2-D Fluid-Structure Interaction Problems by an Arbitrary Lagrangian-Eulerian Finite Element Method

Abstract This paper presents a finite element analysis of a fluid-structure interaction problem by the Arbitrary Lagrangian-Eulerian (ALE) method. For the analysis of the Navier-Stokes equation, a fractional step method is used based the linear interpolation functions for both velocity and pressure. For a numerical example, the present method is applied to the flow analysis around an oscillating rectangular cylinder. The total calculation domain is divided into several sub-domains to improve the computational efficiency. In the inner domain, the mesh moves based on the ALE description. The outmost domain is the Eulerian domain. The intermediate domain is located as a transition.

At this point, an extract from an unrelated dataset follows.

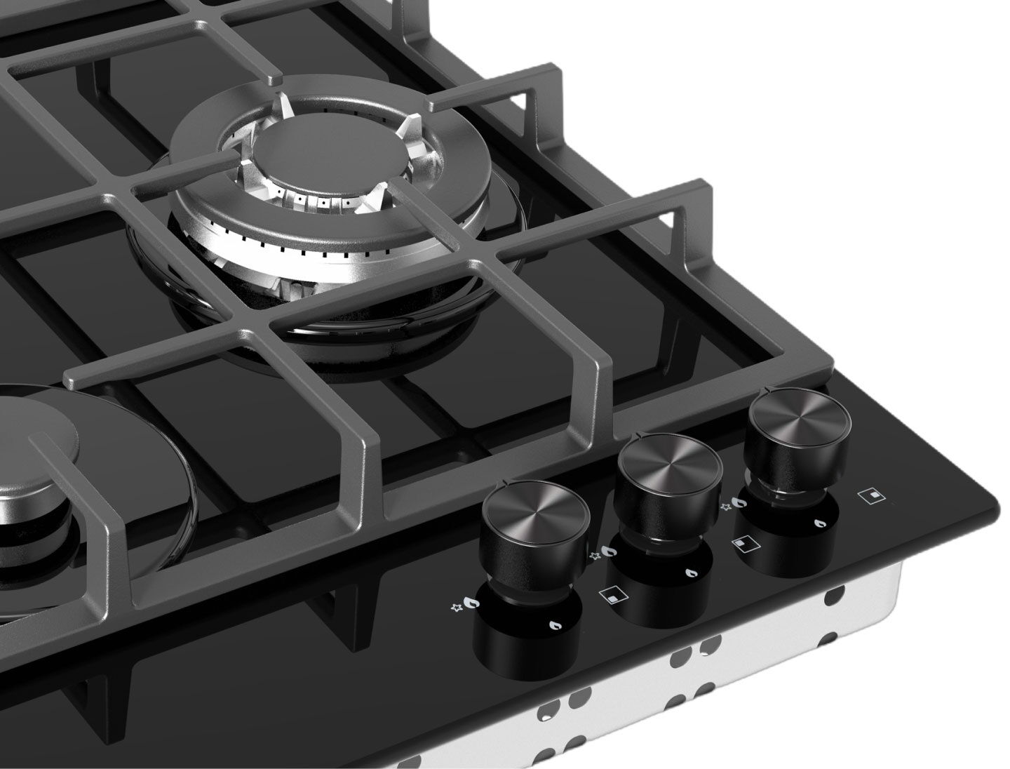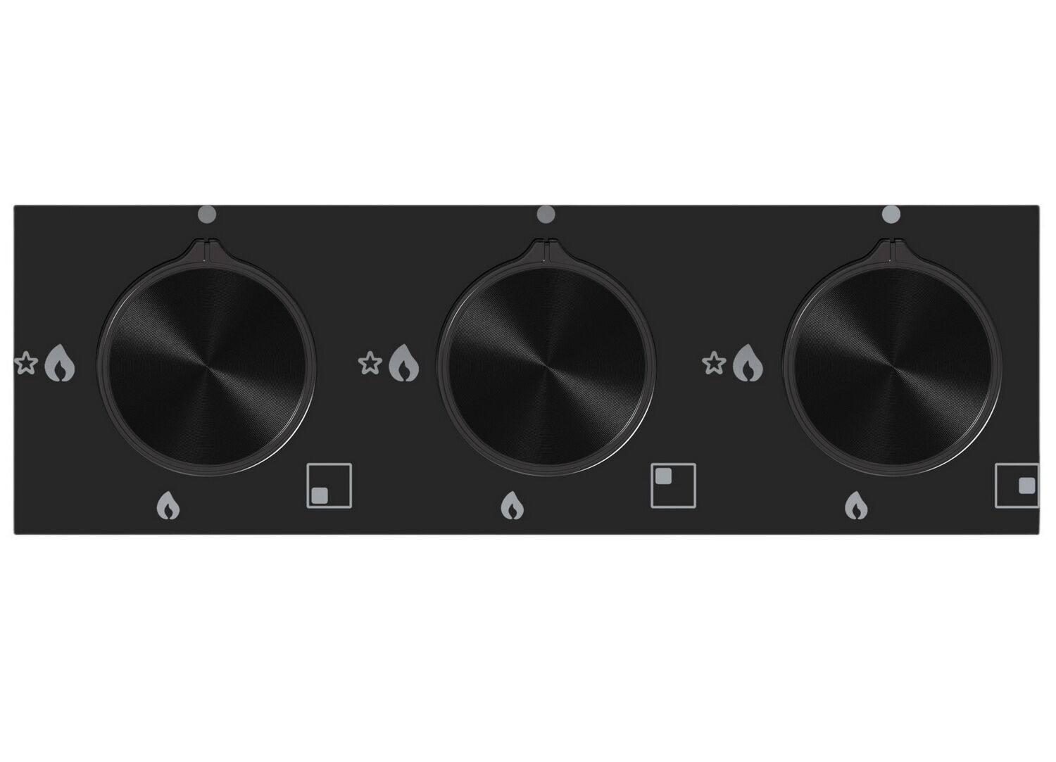 Узкая трёхконфорочная панель из закалённого стекла с газ-контролем и мощным нагревом для небольших кухонь

Shallow Water Flow Analysis with Moving Boundary Technique Using Least-squares Bubble Function

This paper presents a computational simulation method for a river problem. For the actual flow problem, it is necessary to compute flow velocity, water elevation and water region at the same time. For the basic formulation, the unsteady shallow water equations are used. As the numerical approach, implicit FEM is proposed by bubble function. To control numerical stability and accuracy, LSBF (Least-Squares Bubble Function) is used to solve the finite element equations. Also, the fixed boundary technique is combined to deal with wet and dry areas in the moving finite element mesh. Some numerical tests are shown to check this method.